Born in Mohrungen (today: Morąg) in the Kingdom of Prussia, Herder grew up in a poor household, educating himself from his father's Bible and songbook. In 1762, an introspective youth of seventeen, he enrolled at the local University of Königsberg, where he became a student of Immanuel Kant. At the same time, Herder became an intellectual protégé of Johann Georg Hamann, a patriotic Francophobe and intensely subjective thinker who championed the emotions against reason. His choice of Hamann over such luminaries as Immanuel Kant was significant, as this odd figure, a needy hypochondriac, delved back into the German mysticism of Jacob Böhme and others, pronouncing obscure and oracular dicta that brought him fame as the "Magus of the North". Hamann's disjointed effusions generally carried subtitles such as Hierophantic Letters or A Rhapsody in Cabbalistic Prose.
Hamann's influence led Herder to confess to his wife later in life that "I have too little reason and too much idiosyncrasy", yet Herder can justly claim to have founded a new school of German political thought.

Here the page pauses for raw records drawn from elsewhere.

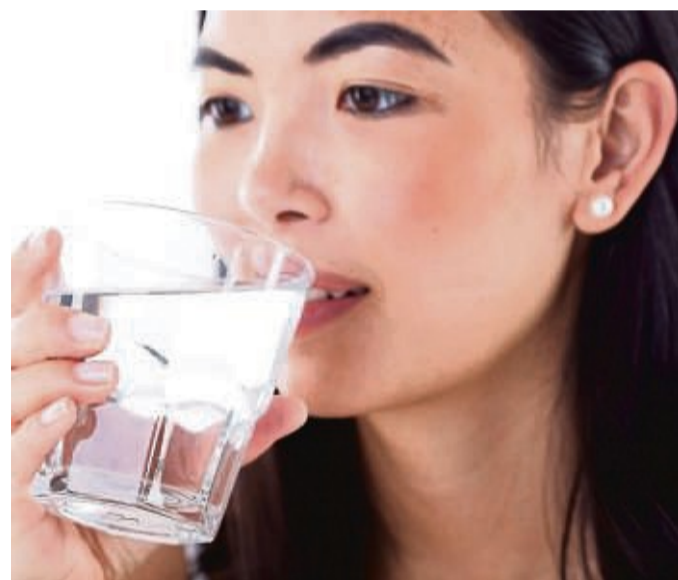
Feste Rituale am Arbeitsplatz helfen , auf die empfohlene tägliche Trinkmenge zu kommen.
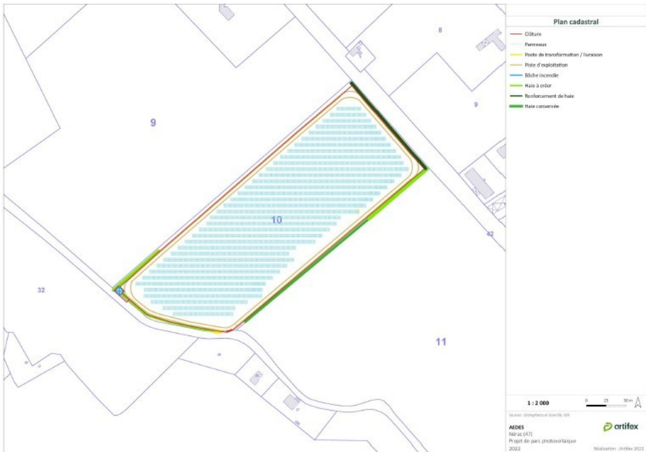
Plan masse du projet – extrait étude d'impact page 31

Le projet prévoit un raccordement électrique vers le poste source de Nérac, situé à environ 650 m du projet, et en privilégiant un raccordement souterrain le long des voiries (cf tracé en page 42 de l'étude d'impact).
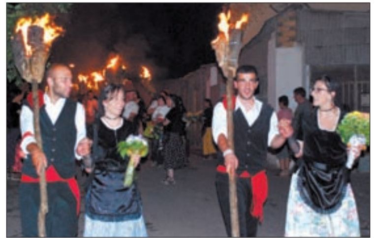
Imatge de la festa de les falles a la Pobla

Des de la junta destaquen que "a partir d'ara, a les falles de la Pobla de Segur, tant homes com dones podran exercir el rol que més els convingui, sense alterar l'estructura de la festa, que demana que les parelles estiguin formades per una persona vestida de fallaire i una de pubilla".
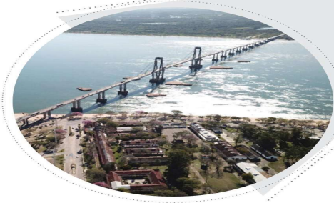
Puente General Belgrano, une las provincias de Corrientes y Chaco

Although himself an unsociable person, Herder influenced his contemporaries greatly. One friend wrote to him in 1785, hailing his works as "inspired by God." A varied field of theorists were later to find inspiration in Herder's tantalisingly incomplete ideas.
In 1764, now a clergyman, Herder went to Riga to teach. It was during this period that he produced his first major works, which were literary criticism.
In 1769 Herder traveled by ship to the French port of Nantes and continued on to Paris. This resulted in both an account of his travels as well as a shift of his own self-conception as an author.
By 1770 Herder went to Strasbourg, where he met the young Goethe. This event proved to be a key juncture in the history of German literature, as Goethe was inspired by Herder's literary criticism to develop his own style. This can be seen as the beginning of the "Sturm und Drang" movement. In 1771 Herder took a position as head pastor and court preacher at Bückeburg under Count Wilhelm von Schaumburg-Lippe.
By the mid-1770s, Goethe was a well-known author, and used his influence at the court of Weimar to secure Herder a position as General Superintendent. Herder moved there in 1776, where his outlook shifted again towards classicism.
Towards the end of his career, Herder endorsed the French Revolution, which earned him the enmity of many of his colleagues. At the same time, he and Goethe experienced a personal split. Herder was ennobled by the Elector-Prince of Bavaria late in life, which added the prefix "von" to his last name. He died in Weimar in 1803.